Imports that will not work:

```python
# DON'T USE THAT
from confluent_kafka import Producer
from confluent_kafka.schema_registry import SchemaRegistryClient

producer = Producer({"bootstrap.servers": "localhost:9092"})  # Will not work
schema_registry = SchemaRegistryClient({"url": "http://localhost:8081"})  # Will not work
```

## Contributing

We welcome contributions! Before posting your first PR, please see our [contributing guidelines](CONTRIBUTING.md) for
more details.

Also, bear in mind that this project uses [Poetry](https://python-poetry.org/) for dependency management. If you are not
familiar with it,
please first read the [Poetry documentation](https://python-poetry.org/docs/) and:

1. Setup poetry environment (recommended)
2. Don't overwrite the `pyproject.toml` file manually (Poetry will do it for you)
3. Don't recreate the `poetry.lock` (unless you know what you are doing)

<details>
<summary>Cloning the repository</summary>

```sh
git clone git@github.com:Effiware/kafka-mocha.git
cd kafka-mocha
```

</details>
</br>

<details>
<summary>Installing dependencies</summary>

Default (and recommended) way:

```shell
poetry install --with test
```

Standard way:

```sh
poetry export -f requirements.txt --output requirements.txt
pip install -r requirements.txt
```

</details>
</br>

<details>
<summary>Running tests</summary>

Currently, test configuration is set up to run with `pytest` and kept in [pytest.ini](./tests/pytest.ini) file.
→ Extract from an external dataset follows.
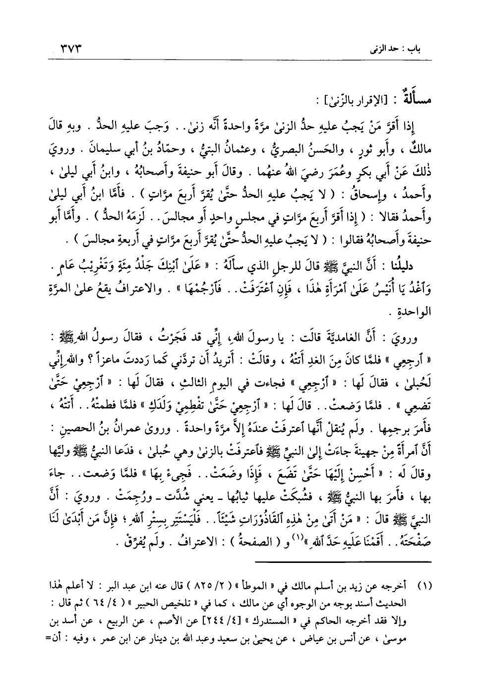 ورُوِي: «أن الغامدية قالت: يا رسول الله، إنِّي قد فجرت، فقال رسول الله، - صَلَّى اللَّهُ عَلَيْهِ وَسَلَّمَ -: " ارجعي " فلما كان من الغد أتته، وقالت: أتريد أن تردني كما رددت ماعزا؟ والله إنِّي لحبلى، فقال لها: " ارجعي " فجاءت في اليوم الثالث، فقال لها: " ارجعي حتى تضعي ". فلما وضعت.. قال لها: " ارجعي حتى تفطمي ولدك " فلما فطمته.. أتته، فأمر برجمها.» ولم ينقل أنها اعترفت عنده إلا مرة واحدة. وروى عمران بن الحصين: «أن امرأة من جهينة جاءت إلى النَّبيّ - صَلَّى اللَّهُ عَلَيْهِ وَسَلَّمَ - فاعترفت بالزِّنَى وهي حبلي، فدعا النَّبيّ - صَلَّى اللَّهُ عَلَيْهِ وَسَلَّمَ - وليها وقال له: " أحسن إليها حتى تضع، فإذا وضعت.. فجئ بها " فلما وضعت.. جاء بها، فأمر بها النَّبيّ - صَلَّى اللَّهُ عَلَيْهِ وَسَلَّمَ - فشبكت عليها ثيابها - يعني شدت- ورجمت» . ورُوِي: «أن النَّبيَّ - صَلَّى اللَّهُ عَلَيْهِ وَسَلَّمَ - قال: من أتى من هذه القاذورات شيئا.. فليستتر بستر الله؛ فإن من أبدى لنا صفحته.. أقمنا عليه حد الله» و (الصفحة) : الاعتراف. ولم يفرق.

You can
run them with:

```sh
poetry run pytest
```

</details>

## License

This project is primarily licensed under the MIT License - see the [LICENSE](LICENSE) file for details.

Parts of this project (specifically the Schema Registry mock implementation) contain code from Confluent Inc.,
licensed under the Apache License, Version 2.0. See [LICENSE.APACHE](LICENSE.APACHE) for details.